Cet enregistrement récent (donc tardif) a mis un terme au cycle Action et Démonstration japonaise, dont il constitue logiquement la phase n°5. Sauf qu’il a été présenté alors comme le n°4. Bref… Il ne faut surtout pas s’inquiéter de ces anomalies numériques, qu’il faut assurément mettre sur le compte du décalage horaire entre la France et le Japon !

Les huit pièces de la cassette Action Et Démonstration Japonaise N°4 forment un excellent complément au LP de 1982 et s’inscrivent on s’en doute dans la même veine exploratoire d’une certaine vision occidentale de la réalité culturelle japonaise.

Avec une instrumentation en grande partie moderne et urbaine (guitares, basse, synthétiseurs, piano, percussions et voix), le trio DDAA recrée à sa façon un univers sonore japonisant : les guitares sont accordées (ou désaccordées) pour sonner comme des instruments traditionnels nippons type shamisen ou biwa, les inflexions vocales font écho à celles qui émanent des acteurs du théâtre nô ou kabuki, des percussions diverses et variées, frappent, cognent, galopent, tintent et résonnent, et des nappes et effets synthétiques étalées ici et là achèvent de conférer à l’ensemble un parfum de cérémonie rituelle fantasmatique de première volée, avec ce qu’il faut de dissonances stimulantes, d’outrances inquiétantes et de martialité tonitruante pour nous assener le fameux « coup de baton » pratiqué dans l’enseignement du zen.

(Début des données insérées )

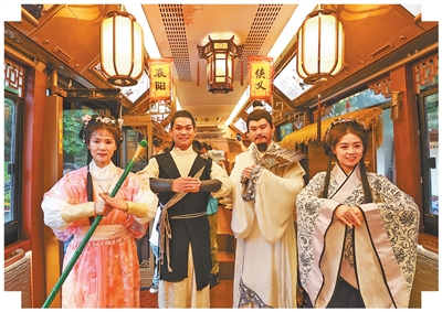 10月5日,湖北襄陽,“黃蓉”“郭靖”“諸葛亮”“黃月英”(從左向右)在“俠義襄陽”游台北到桃園機場接送玩公交上與游客互動。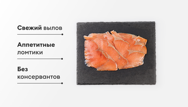 Аппетитные ломтики малосолёной кеты в вакуумной упаковке. Классика питательных завтраков и непременный ингредиент фуршетных закусок. Как обычно, в составе ничего лишнего: только кета и соль. А вот природный цвет красной рыбы — характеристика непостоянная. Его насыщенность зависит даже от времени года, а мы не используем красителей. Поэтому рыба может быть ярче или бледнее, чем на фото. В летний период используем чуть больше соли, чем обычно. Это необходимо, чтобы в жаркую погоду продукт оставался свежим и вкусным.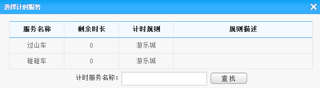 通過刷卡或者是查找定位到會員信息,點(diǎn)擊選擇服務(wù)按鈕將彈出計(jì)時服務(wù)列表框,從其中選擇計(jì)時服務(wù),輸入預(yù)訂消費(fèi)時長后(可選)點(diǎn)擊消費(fèi)開始,便開始計(jì)時消費(fèi),同時計(jì)時消費(fèi)列表也將添加此條消費(fèi)記錄,選擇計(jì)時服務(wù)對話框如下: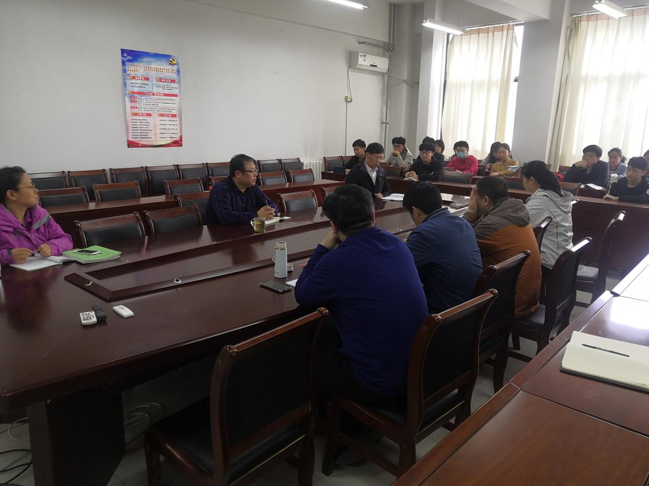在J9-425会议室召开期中教学检查学生座谈会。副院长张同迁、各系主任、实验中心主任、团委负责人、教科办人员及学生代表参加了座谈会。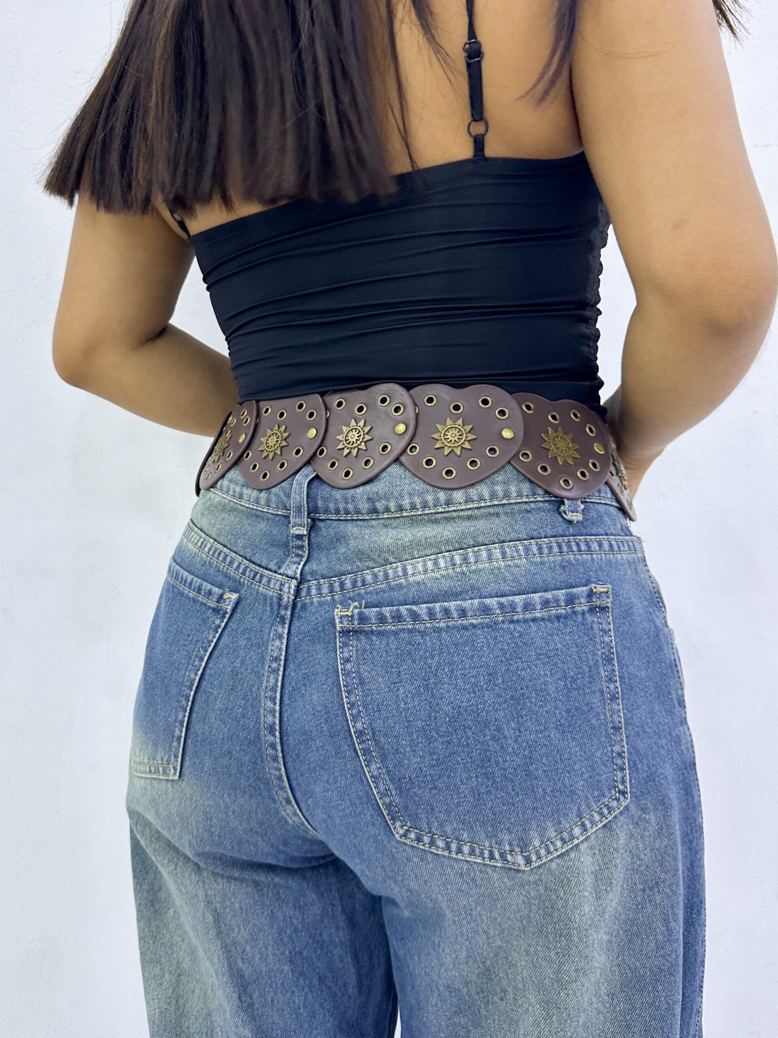 Hebilla con silueta de corazón en tendencia, en biocuero con detalles de estrella y tachas doradas.

Mais de musique méditative il n’est point question ici. Sa singularité expérimentale intrinsèque, confortée par une prise de son « brute de fonte » (mais très claire), titille tous les sens de l’auditeur. Il y a dans Action et démonstration japonaise autant à écouter qu’à voir et à sentir. DDAA parle à ce sujet d’« antimusique olfactive » (sic)…

Toujours est-il que le fan de DDAA ne pourra que se satisfaire de l’existence de ce CD, qui complète et clôt la « saga » Action et Démonstration japonaise en fournissant les pièces enregistrées manquantes en support numérique jusqu’à aujourd’hui. On suppose que les concerts-performances qui formaient les phases n°1 et n°2 n’ont pas été enregistrés ni filmés, à moins que…euh… si vous y étiez à l’époque, vous ne voulez vraiment pas fouiller dans votre cave ou dans vos armoires ? Il y a peut-être une bande qui traîne, non ?

Stéphane Fougère

PS : Cet album est paru chez Fractal Records dans le cadre de son faramineux projet A Day in a Life, In Search of Yin & Yang – The Cycle of Night And Day: The Eternal 24 Hours. Chacune de ces 24 heures est représentée par un album d’un artiste ou d’un groupe, ce qui fait que la collection complète s’élève à 24 CD + 2 autres CDs de « matériel supplémentaire », regroupés en deux séries complémentaires comprenant chacune 12 volumes, la première, “Constructive 21°Siècle”, nocturne et tendance « Yin », et la seconde, “Prospective Marge”, qui représente la face « jour » et la tendance « Yang ». Dans cette dernière se trouvent cinq autres rééditions d’anciens enregistrements de DÉFICIT DES ANNÉES ANTÉRIEURES : Live in Acapulco (2 CD), Prehistoric Rejet, La Famille des saltimbanques et En concert. L’album qui fait l’objet de la présente chronique représente quant à lui le matériel supplémentaire de la tendance « Yang ». On peut se procurer la collection complète, ou bien des moitiés, ou bien chaque volume à l’unité.